Steckrübe

Steckrübe
Steckrübe (Brassica napus subsp. rapifera)

Steckrübe (Brassica napus subsp. rapifera)

Systematik
Ordnung: Kreuzblütlerartige (Brassicales)
Familie: Kreuzblütengewächse (Brassicaceae)
Tribus: Brassiceae
Gattung: Kohl (Brassica)
Art: Raps (Brassica napus)
Unterart: Steckrübe
Wissenschaftlicher Name
Brassica napus subsp. rapifera

Die Steckrübe (Brassica napus subsp. rapifera), auch Wruke, Kohlrübe, Butterrübe, Erdkohlrabi, Unterkohlrabi, Untererdkohlrabi, Ramanken, Bodenkohlrabi, Schwedische Rübe, in Österreich Dotsche[1] ist eine Unterart des Rapses (Brassica napus). Sie wird als Gemüse genutzt. Sie ist zu unterscheiden von der Speiserübe (Brassica rapa subsp. rapa).

Beschreibung

Steckrüben haben eine annähernd runde Form, eine grüne bis gelbliche, manche Sorten auch rötliche, derbe Schale und weißliches bis gelbes Fleisch mit einem herbsüßen, an Kohl erinnernden Geschmack.

Herkunft und Verbreitung

Die Steckrüben erreichten Deutschland im 17. Jahrhundert aus Skandinavien, daher auch der Name Schwedische Rübe. Der tatsächliche Ursprung der Steckrübe ist jedoch ungeklärt. Heute wird sie weltweit in allen gemäßigten Klimazonen angebaut. Erntesaison in Europa ist September bis Mai. In Deutschland sind Steckrüben bis etwa Dezember aus heimischem Anbau erhältlich, danach nur noch als Lagerware.[2]

Geschichte

Die Kohlrübe war schon vor ihrem Einsatz als Nahrungsmittel in Notzeiten der Gegenstand kulinarischer und sozialer Betrachtungen:

„‚Du hättest Sie hören sollen […] wie sie das dürftige Kleinleben ausmalte, für das sie nun mal nicht geschaffen sei; sie sei nicht für Speck und Wruken und all dergleichen.‘[…] ‚Hm,‘ sagte Schmidt, ‚das gefällt mir nicht, namentlich das mit den Wruken. Das ist bloß ein dummes Vornehmtun und ist auch kulinarisch eine Torheit; denn alle Gerichte, die Friedrich Wilhelm I. liebte, so zum Beispiel Weißkohl mit Hammelfleisch oder Schlei mit Dill - ja. lieber Marcell, was soll dagegen aufkommen?‘“

:Theodor Fontane: Frau Jenny Treibel

In Notzeiten waren Steckrüben mehrfach die letzte Nahrungsreserve für einen Großteil der Bevölkerung.
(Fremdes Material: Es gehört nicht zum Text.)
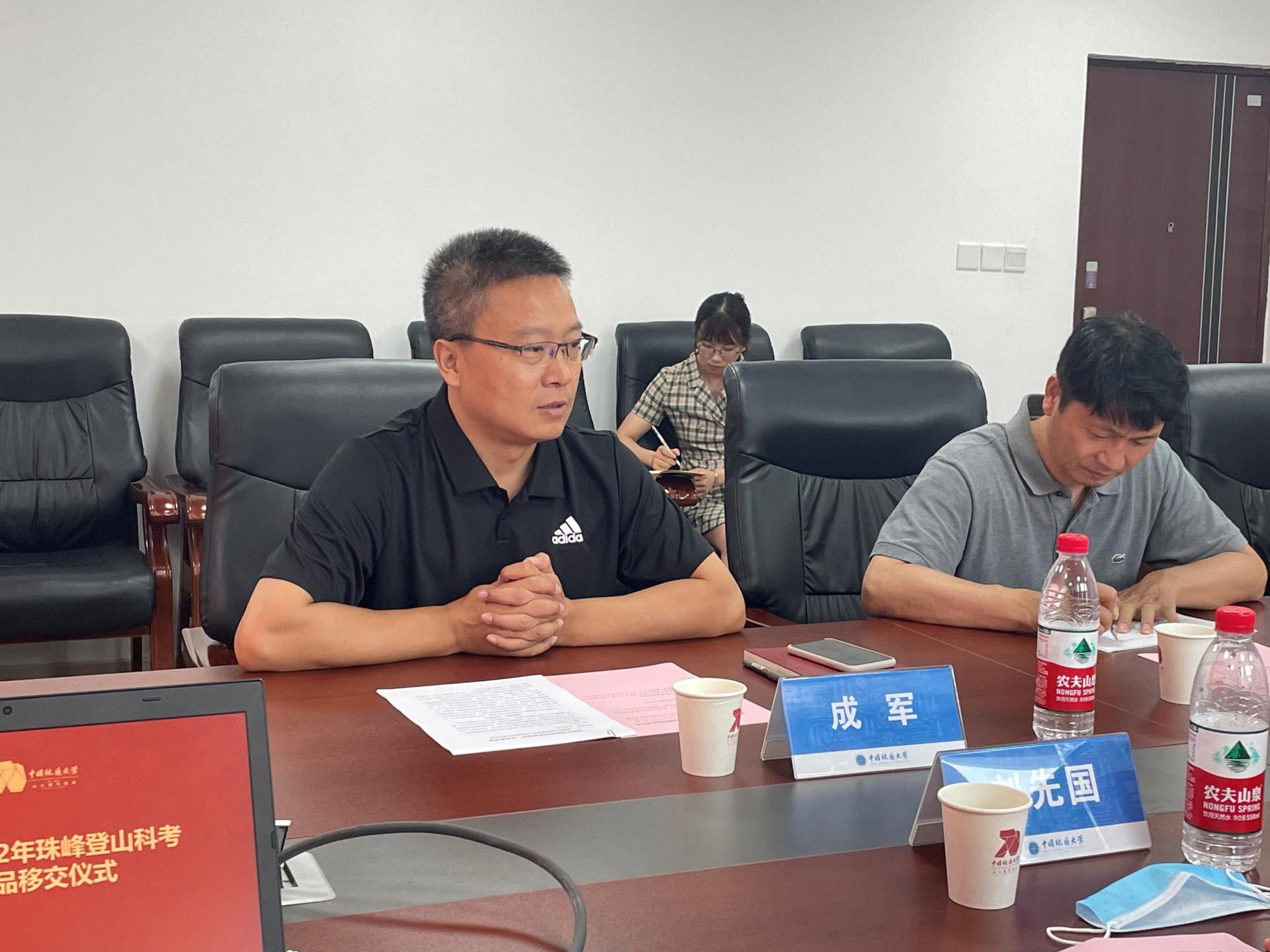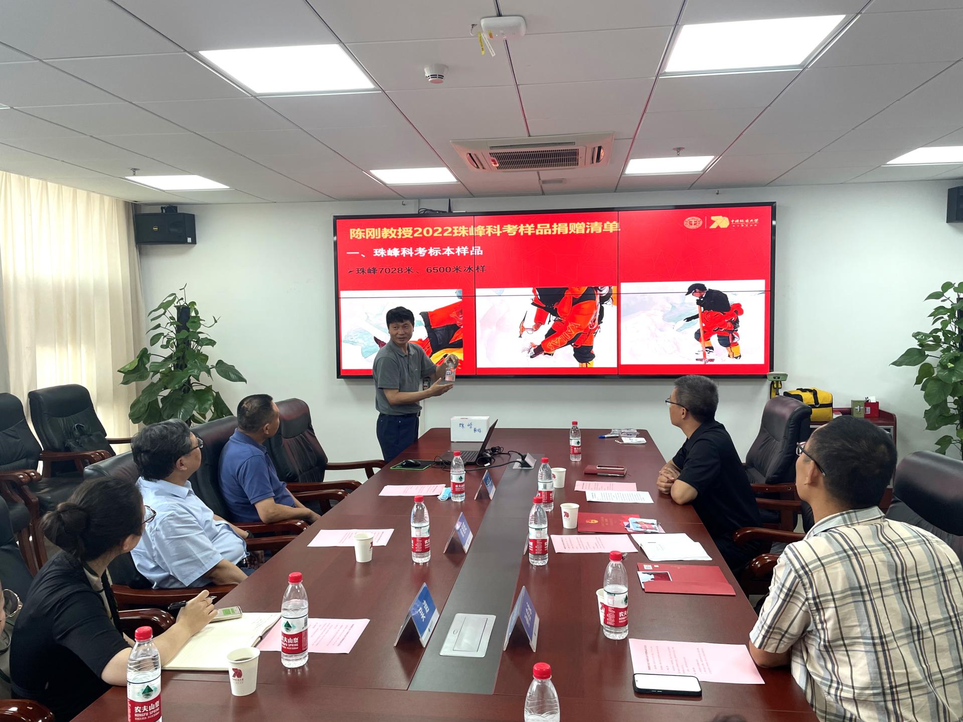 陈刚教授结合珠峰科考介绍捐赠物品清单。他讲到:“此次捐赠的物品共分为‘珠峰科考样本样品’、‘登顶珠峰纪念品’、‘登顶珠峰技术设备’三类,辅以大量图片、视频资料,系统的展示了2022年珠峰登山科考的历程,期望能让公司更多师生领略珠峰风景,感悟‘地大攀登精神’内涵。”

In die Geschichte eingegangen ist der so genannte deutsche Steckrübenwinter während des Ersten Weltkriegs 1916/1917 („Früh Kohlrübensuppe, mittags Koteletts von Kohlrüben, abends Kuchen von Kohlrüben.“). Da die Kartoffelernte im Herbst 1916 eine Missernte war, wurden Steckrüben als Ersatz herangezogen. Sie waren vorher hauptsächlich als Schweinefutter angebaut worden. Da viele Lebensmittel in Deutschland knapp waren, dienten Steckrüben als Basis für die verschiedensten Gerichte, 1917 erschienen eigens Steckrüben-Kochbücher. So gab es Rezepte für Steckrüben-Marmelade, Aufläufe, Suppen, Sauerkraut-Ersatz aus Steckrüben und sogar Steckrüben-Kaffee. Das Rezept lautete: „Steckrüben raspeln und im Ofen trocknen. Die getrockneten Rübenschnitzel werden dann durch eine Kaffeemühle gedreht. Wie normales Kaffeemehl behandeln.“ Mit Bezeichnungen wie „Ostpreußische Ananas“ sollte dieses Gemüse, das vor allem als Viehfutter genutzt wurde, der Bevölkerung schmackhaft gemacht werden.[3] Davon abgeleitet wurden auch Bezeichnungen wie „Mecklenburgische Ananas“ üblich.[4]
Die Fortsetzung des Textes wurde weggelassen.